## What the task requires
An image-free reproduction of the data below is needed: print it exactly.

## Provided material
# # # #

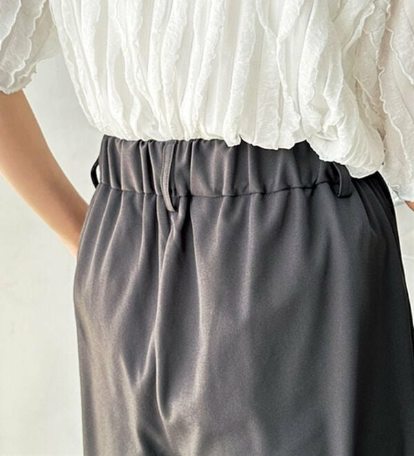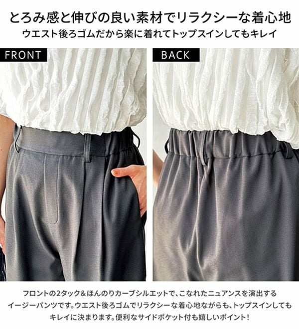 ウエスト後ろゴムでリラクシーな着心地ながらも、トップスインしてもキレイに決まります。
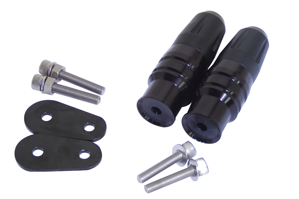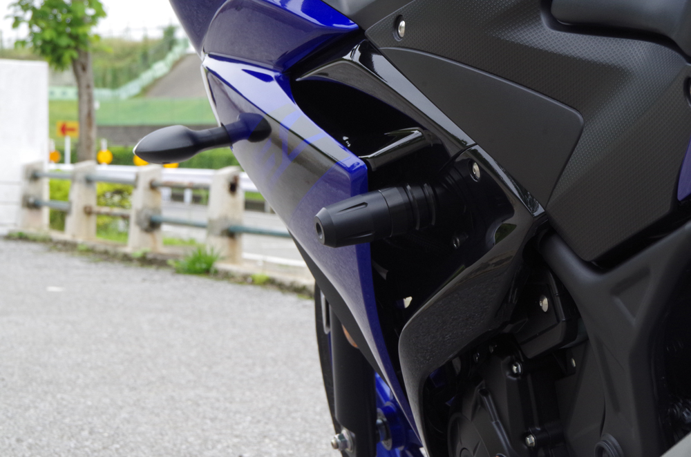 本体:アルミ アルマイト仕上げ 340gエンジンマウント部分に装着する方法も考えましたが、この方法だとカウルに穴あけが必要になってしまいます。折角転ばぬ先の杖でガードを装着しても取り付けの際にカウルを加工するのでは本末転倒と考え、この装着方法は見送りました。ガードはカウルをかわして装着する方法にしました。カウルをかわす為のプレートは4.5mmのスチール(鋼材)を採用しました。もしも強い衝撃が加わるような転倒をしてしまった場合にボルトをマウントしているエンジンケースがダメージを受けないようにプレートが破損してダメージを受け流す設計です。※あらゆる転倒からケースを守れるわけではありません。倒れ方によっては装着していない時の方がダメージが小さくなる可能性はございます。
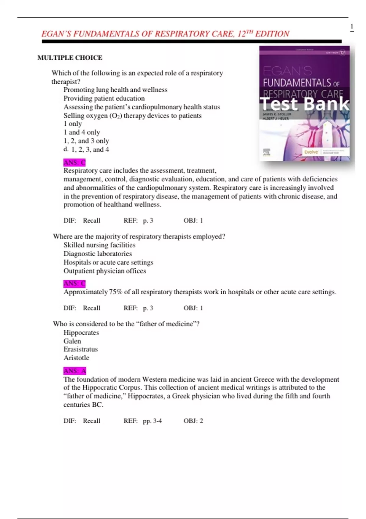 EGAN’S FUNDAMENTALS OF RESPIRATORY CARE, 12TH EDITION MULTIPLE CHOICE Which of the following is an expected role of a respiratory therapist? Promoting lung health and wellness Providing patient education Assessing the patient’s cardiopulmonary health status Selling oxygen (O2) therapy devices to patients 1 only 1 and 4 only 1, 2, and 3 only d. 1, 2, 3, and 4 ANS: C Respiratory care includes the assessment, treatment, management, control, diagnostic evaluation, education, and care of patients with deficiencies and abnormalities of the cardiopulmonary system. Respiratory care is increasingly involved in the prevention of respiratory disease, the management of patients with chronic disease, and promotion of healthand wellness. DIF: Recall REF: p. 3 OBJ: 1 Where are the majority of respiratory therapists employed? Skilled nursing facilities Diagnostic laboratories Hospitals or acute care settings Outpatient physician offices ANS: C Approximately 75% of all respiratory therapists work in hospitals or other acute care settings.
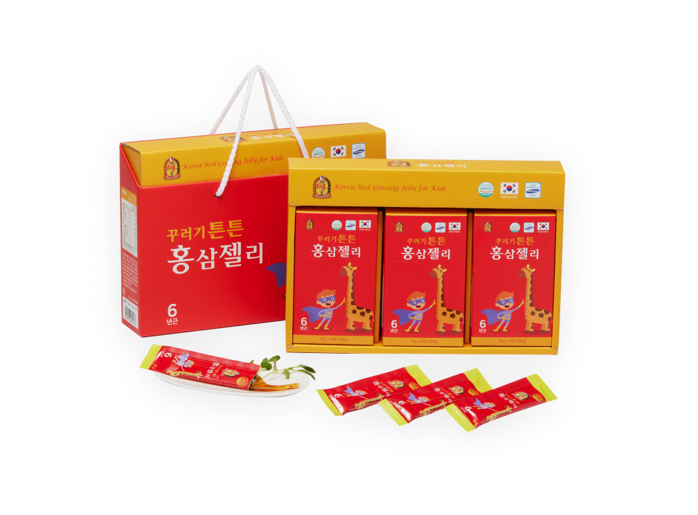 국내산 6년근 홍삼과 비타민, 미네랄이 들어가 아이들의 면역력을 키워주는 사과맛 어린이용 건강간식

# # # #

## Reply to the exercise
 ウエスト後ろゴムでリラクシーな着心地ながらも、トップスインしてもキレイに決まります。
 本体:アルミ アルマイト仕上げ 340gエンジンマウント部分に装着する方法も考えましたが、この方法だとカウルに穴あけが必要になってしまいます。折角転ばぬ先の杖でガードを装着しても取り付けの際にカウルを加工するのでは本末転倒と考え、この装着方法は見送りました。ガードはカウルをかわして装着する方法にしました。カウルをかわす為のプレートは4.5mmのスチール(鋼材)を採用しました。もしも強い衝撃が加わるような転倒をしてしまった場合にボルトをマウントしているエンジンケースがダメージを受けないようにプレートが破損してダメージを受け流す設計です。※あらゆる転倒からケースを守れるわけではありません。倒れ方によっては装着していない時の方がダメージが小さくなる可能性はございます。
 EGAN’S FUNDAMENTALS OF RESPIRATORY CARE, 12TH EDITION MULTIPLE CHOICE Which of the following is an expected role of a respiratory therapist? Promoting lung health and wellness Providing patient education Assessing the patient’s cardiopulmonary health status Selling oxygen (O2) therapy devices to patients 1 only 1 and 4 only 1, 2, and 3 only d. 1, 2, 3, and 4 ANS: C Respiratory care includes the assessment, treatment, management, control, diagnostic evaluation, education, and care of patients with deficiencies and abnormalities of the cardiopulmonary system. Respiratory care is increasingly involved in the prevention of respiratory disease, the management of patients with chronic disease, and promotion of healthand wellness. DIF: Recall REF: p. 3 OBJ: 1 Where are the majority of respiratory therapists employed? Skilled nursing facilities Diagnostic laboratories Hospitals or acute care settings Outpatient physician offices ANS: C Approximately 75% of all respiratory therapists work in hospitals or other acute care settings.
 국내산 6년근 홍삼과 비타민, 미네랄이 들어가 아이들의 면역력을 키워주는 사과맛 어린이용 건강간식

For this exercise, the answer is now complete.